There is little variation in standard cardiometabolic parameters in children with obstructive sleep apnea syndrome (OSAS) but without severe hypoxemia at baseline or after intervention. Of all measures, overnight heart rate emerged as the most sensitive parameter of pediatric OSAS severity.
Children with DS who underwent AT demonstrated significant reductions in both obstructive and central apneic indices on PSG. A significant number of patients with central sleep apnea demonstrated resolution postoperatively.
A majority of Trisomy 21 patients with severe OSA had residual symptoms following surgical intervention. There is also an increased risk of post-operative airway intervention and increased length of hospital stay in these patients.
Many candidates for AT no longer have OSAS on polysomnography after 7 months of watchful waiting, whereas meaningful improvement in symptoms is not common. In practice, a baseline low AHI and normal waist circumference, or low Pediatric Sleep Questionnaire and snoring score, may help identify an opportunity to avoid AT.
In mild cases of OSA, intra-nasal steroids and other anti-inflammatory medications may give relief in mild cases of OSA, but the long-term safety of these treatments has not been established. Weight loss in obese children has been shown to be effective in selected patients but is limited in practice. Non-invasive ventilation may be effective but compliance can be a major obstacle. Oral appliances are effective by stenting the pharyngeal airway, but research in this area is limited.
Alzheimer’s disease (AD) and obstructive sleep apnea (OSA) are highly prevalent, and the prevalence of OSA syndrome in patients with AD remains unknown. The auhtors collected all available published clinical data and analyzed them through a quantitative meta-analytical approach by calculating the aggregate odds ratio for OSA in AD vs. healthy control was 5.05 and homogeneous. This reflects that patients with AD have a five times higher chance of presenting with OSA than cognitively non-impaired individuals of similar age. Moreover, they also found that around half of patients with AD have experienced OSA at some point after their initial diagnosis. Future research should focus on the pathophysiological intercations betwneen the two syndromes, and establish causality. This evidence also promotes intensive screening for OSA amongst patients with AD.

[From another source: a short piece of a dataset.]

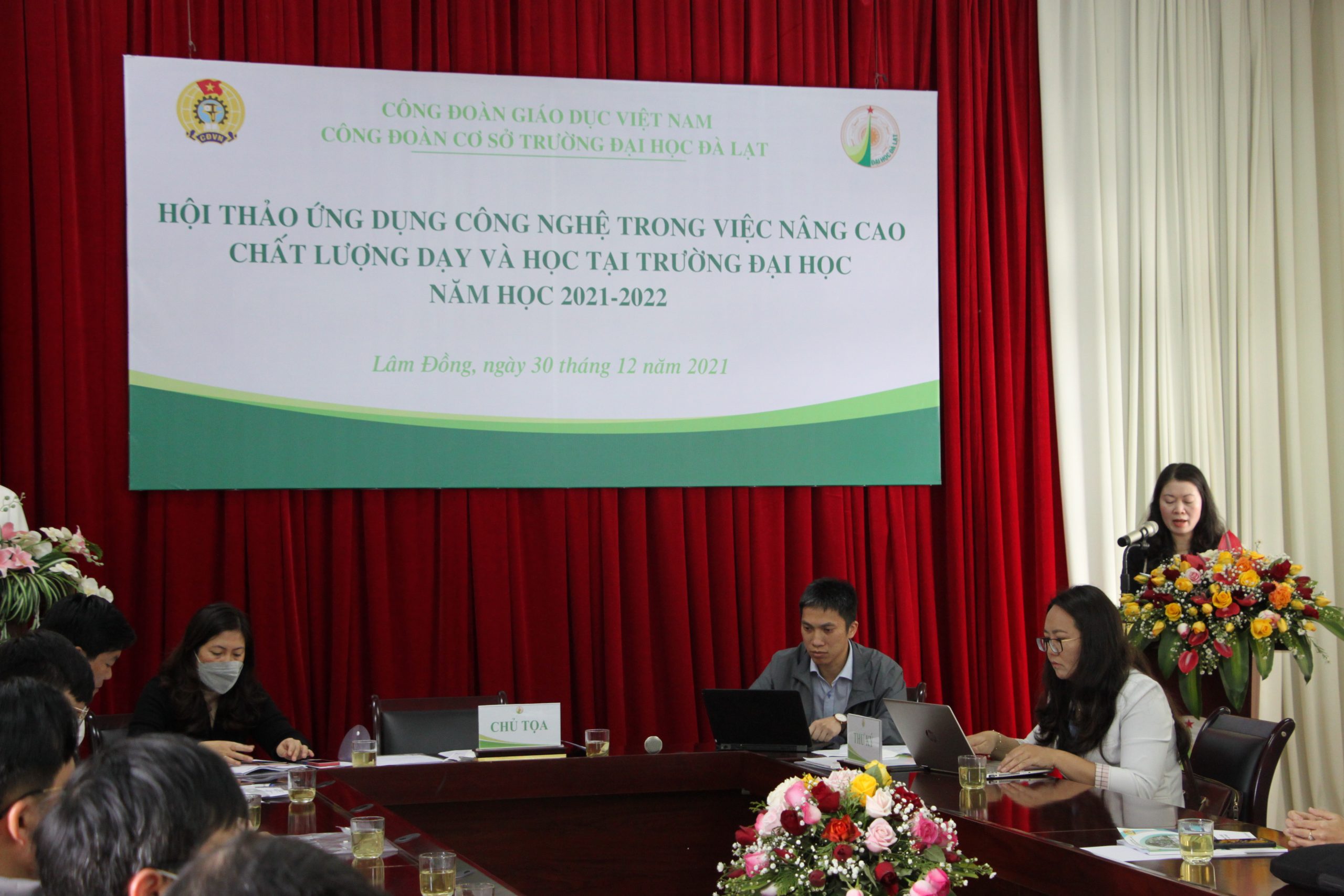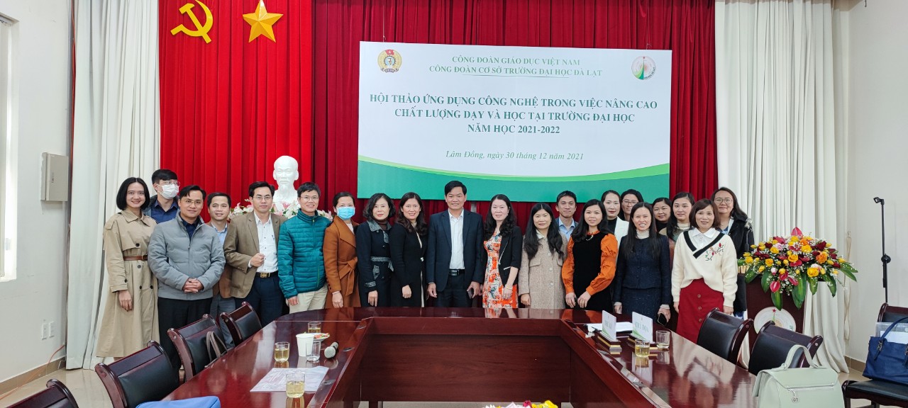 On the basis of the missions of the school year 2021-2022, in order to well implement the “Innovation and creativity in teaching and learning” emulation movement, on the morning of December 30, 2021, the grassroots Trade Union of Dalat University organised the workshop on application of technology in improving the quality of teaching and learning at universities for the school year 2021-2022 in the form of face-to-face and online meeting.

Overnight rostral fluid shift to the neck and lungs may contribute to the pathogenesis of obstructive sleep apnea (OSA) and central sleep apnea (CSA). The authors hypothesized that exercise training will decrease daytime leg fluid accumulation and overnight rostral fluid shift thereby decreasing the severity of OSA and CSA in patients with coronary artery disease (CAD). Patients with CAD and OSA or CSA (apnea-hypopnea index >15 events per h) were randomized to 4 weeks of aerobic exercise training or to a control group. The Apnea-hypopnea index decreased significantly more in the exercise group than in the control group (p=0.047), in association with a greater reduction in the overnight change in leg fluid volume (p=0.04) and by a significantly greater increase in the overnight change in UA-XSA in the exercise group (p=0.04). This study adds to the expanding literature and the beneficial effects of aerobic exercise in this vulnerable patient population.
In light of recent results of a multicenter RCT (the SERVE-HF trail), and use of adaptive servo-ventilation (ASV) for the treatment of central sleep apnea syndrome (CSAS) related to congestive heart failure (CHF) has been controversial. An update of the 2012 systematic review and meta-analyses were performed that demonstrated an improvement in LVEF and a normalization of AHI in all patients. However, they also found that an increased risk of cardiac mortality in patients with an LVEF of ≤45% and moderate or severe CSA predominant sleep-disordered breathing. These data supported a Standard level recommendation against the use of ASV to treat CHF-associated CSAS in patients with an LVEF of ≤45% and moderate or severe CSAS, and an Option level recommendation for the use of ASV in the treatment CHF-associated CSAS in patients with an LVEF >45% and mild CSAS. The ultimate judgment regarding propriety of any specific care must be made by the clinician as per the AASM.
This article summarizes the evidence on the impact of fluid and salt balance on obstructive sleep apnea severity and reviews the potential anesthetic implications of excessive fluid and salt volume on worsening sleep apnea in the perioperative period.
This systematic review found that patients with OSA had worse outcomes for pulmonary and combined complications versus control patients. The association between OSA and in-hospital mortality varied among studies with 9 studies showing no impact of OSA on mortality, 3 studies suggesting a decrease in mortality and 1 study reporting increased mortality.